Filtering out "forbidden" documents during information retrieval

New method optimizes the twin demands of retrieving relevant content and filtering out bad content.

Content owners make a lot of effort to eliminate bad content that may adversely affect their customers. Bad content can take many forms, such as fake news, paid reviews, spam, offensive language, etc. We call such data items (documents) forbidden docs, or f-docs, for short.

Any data-cleaning process, however, is susceptible to errors. No matter how much effort goes into the cleaning process, some bad content might remain. This week at the annual meeting of the ACM Special Interest Group on Information Retrieval (SIGIR), the Alexa Shopping research team presented a paper on information retrieval (IR) in the presence of f-docs. In particular, we’re trying to optimize the twin demands of retrieving content relevant to customer requests and filtering out f-docs.
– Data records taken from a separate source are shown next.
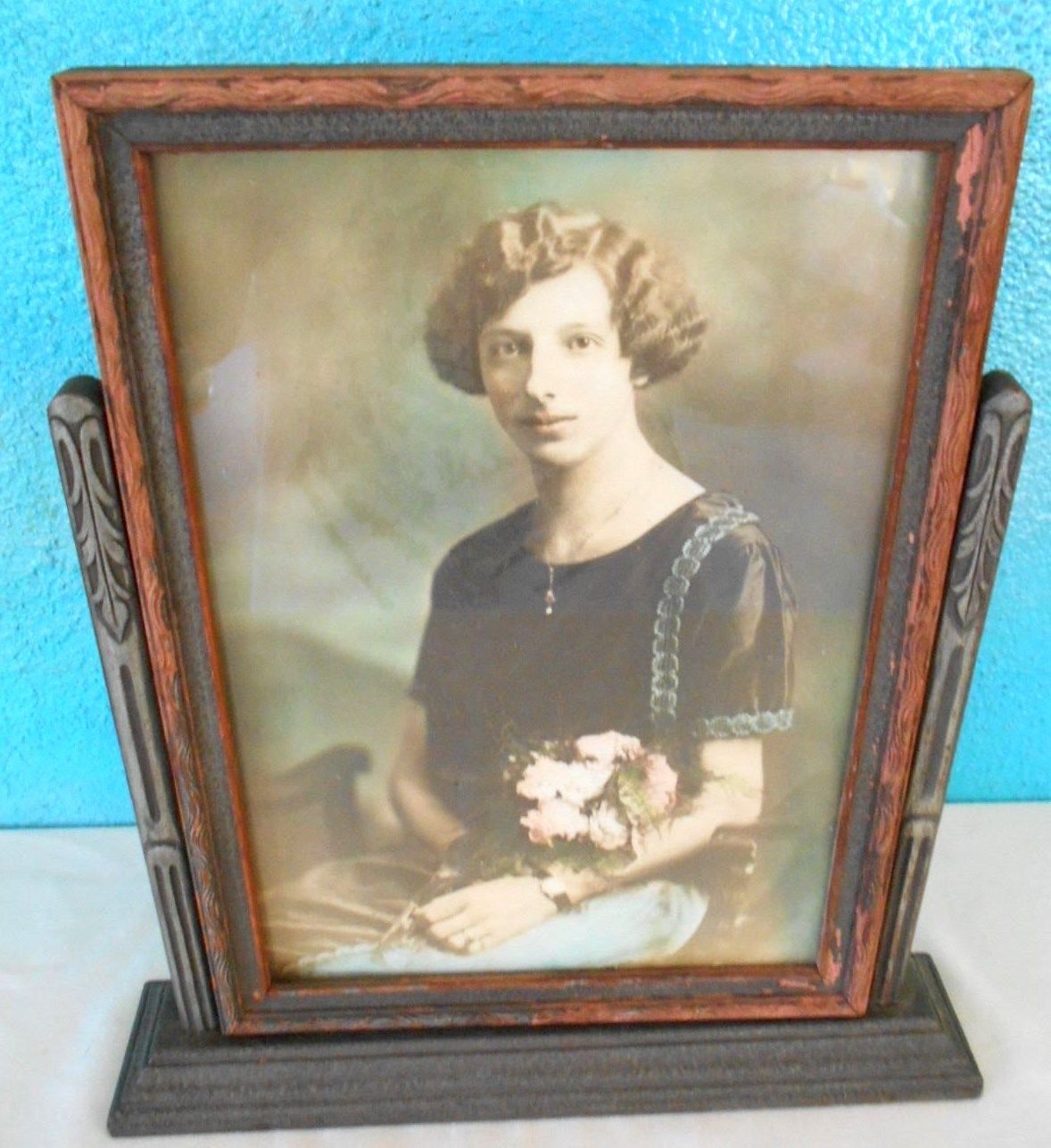 Title (ebay affiliate link): VINTAGE 1930s-40s STAND-UP WOODEN PICTURE FRAME w/DESIGN & PICTURE SIZE: 7 X 10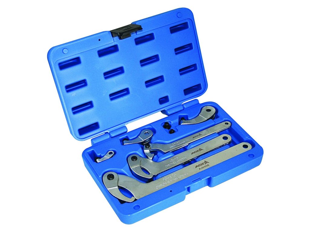Kľúče hákové kĺbové, "C-kľúče", 35-120 mm, sada 8 kusov - ASTA A-AHW8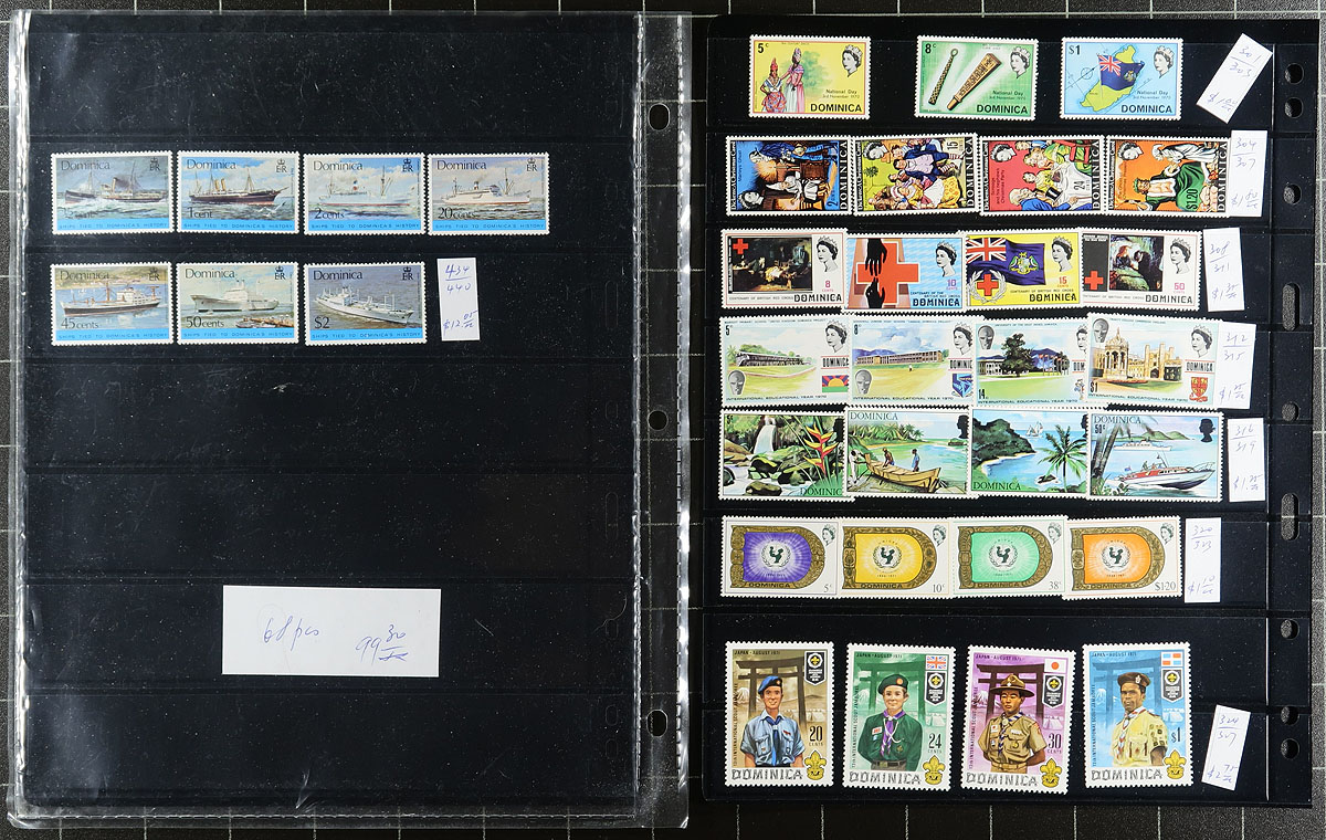 Clean accumulation of primarily never hinged worldwide stamps, containing many hundreds of issues in two stockbooks and a handful of stock pages. A cursory check indicated material generally ranging from the 1960's to the 1990's, with better representation from the British Commonwealth (including Dominica, Fiji, Egypt, and more), and European countries including France, Finland, and Germany. Most of the material has been catalogued by the owner using an older Scott catalogue totaling US$823.00, leaving better finds to the dedicated collector. A nice lor for the worldwide collector, overall fine to very fine. Estimate =

For example, consider a question posed on a community question-answering (CQA) site, where our goal is to rank answers according to their quality and relevance while filtering out bad ones. The next table presents some answers to the question “Is the Brand X sports watch waterproof?” While some of the answers are helpful, or at least fair, there are a few that should not be exposed to our users as they significantly hurt the search experience.

Forbidden docs.png
A new metric enables information retrieval models to jointly optimize the ordering of query results and the filtration of "forbidden" content.

Filtering algorithms, however, are prone to two types of errors: (1) false positives (i.e., filtering non-f-docs) and (2) false negatives (i.e., including f-docs in the results).
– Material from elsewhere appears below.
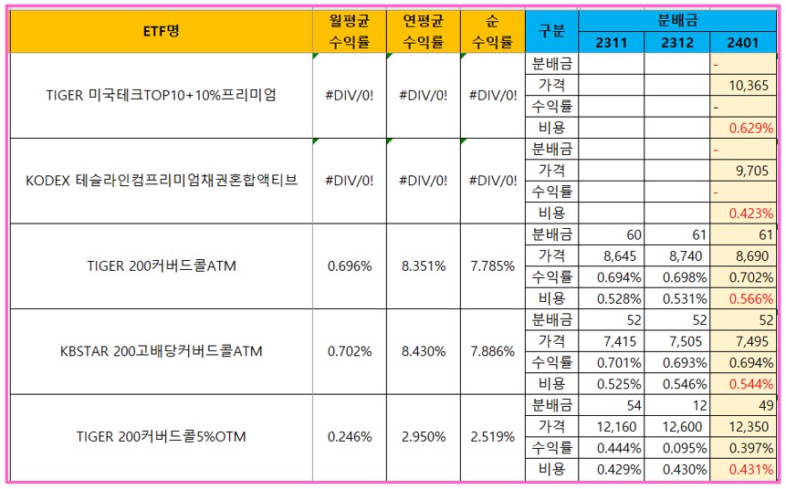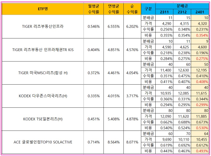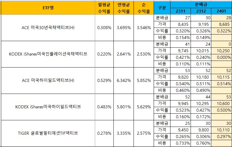 국내 상장된 월배당 ETF의 24년 1월 비용이 오늘 공개되었어요.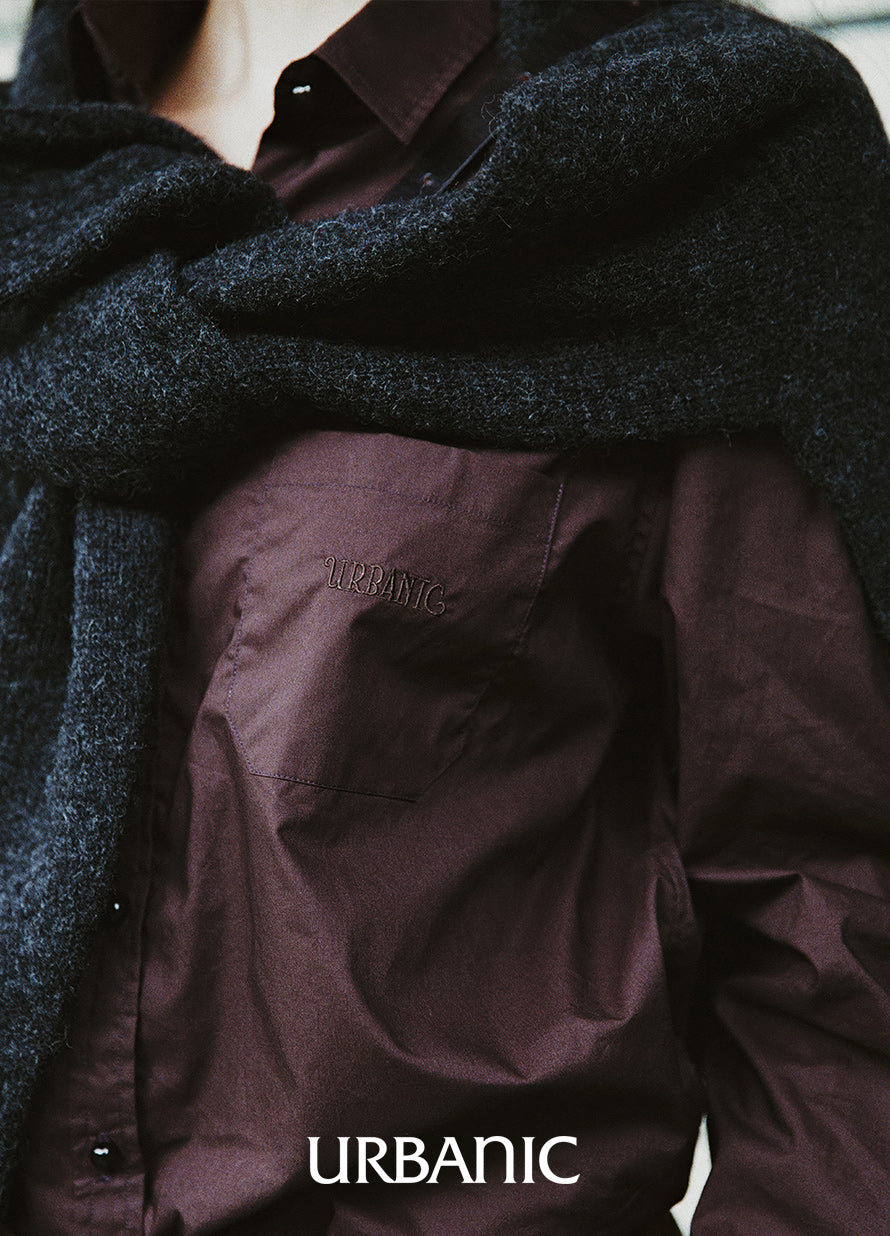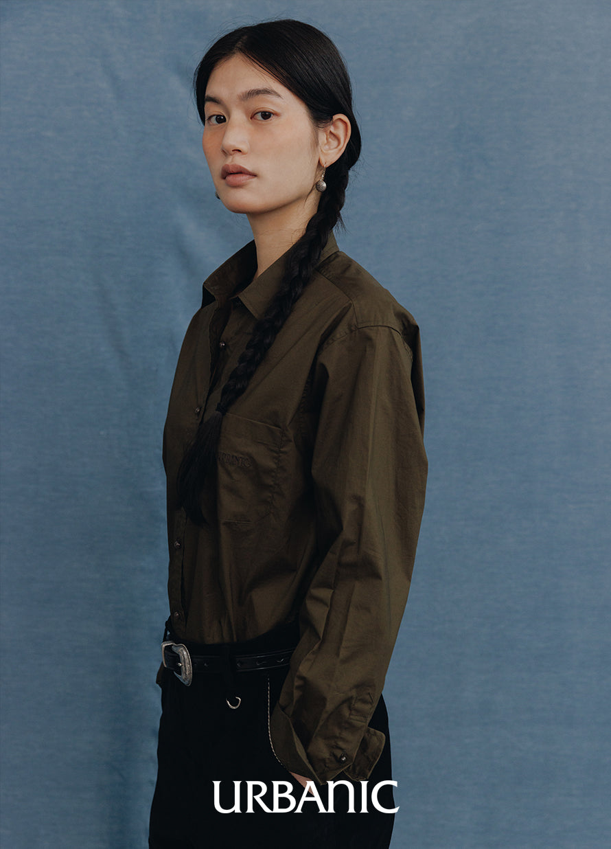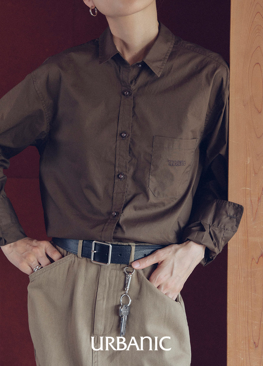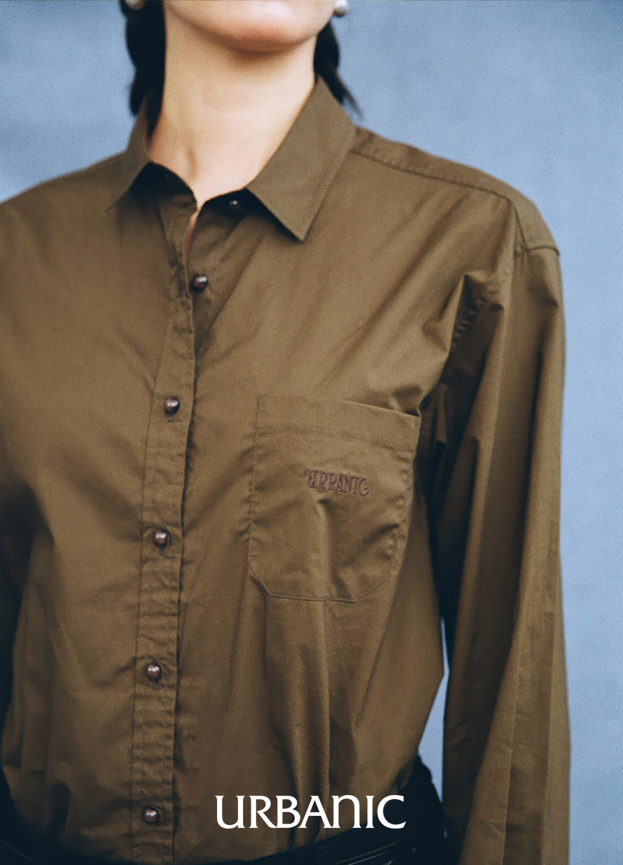 胸ポケットの上には、蔦のように優雅にあしらわれたURBANICのタイポ刺繍。半球状のボタンはシャツの色と調和しており、細部にまで特別感を宿しました。

Typically, ranking quality and filtering accuracy are measured independently. However, the number of f-docs left in the ranked list after filtering and their ranking positions heavily affect both the ranking score and the filtering score. Therefore, it is desirable to evaluate the system’s ranking quality as filtering decisions are being made.

The right metric

We look for an evaluation metric that reinforces a ranker according to three criteria: it (1) prunes as many f-docs from the retrieved list as possible; (2) does not prune non-f-docs from the list; and (3) ranks remaining docs according to their relevance to the query while pushing f-docs down the list.
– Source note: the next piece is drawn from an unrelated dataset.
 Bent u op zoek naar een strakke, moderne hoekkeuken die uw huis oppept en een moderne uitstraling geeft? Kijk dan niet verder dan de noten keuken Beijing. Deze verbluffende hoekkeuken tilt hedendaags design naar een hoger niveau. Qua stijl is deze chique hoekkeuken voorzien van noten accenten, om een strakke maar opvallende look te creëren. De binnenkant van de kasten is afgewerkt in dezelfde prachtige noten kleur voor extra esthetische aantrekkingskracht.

In our paper, my colleagues Nachshon Cohen, Amir Ingber, Elad Kravi, and I analyze the types of metrics that can be used to measure the ranking and filtering quality of the search results. The natural choice is normalized discounted cumulative gain (nDCG), a metric that discounts the relevance of results that appear further down the list; that is, it evaluates a ranking algorithm according to both relevance and rank ordering.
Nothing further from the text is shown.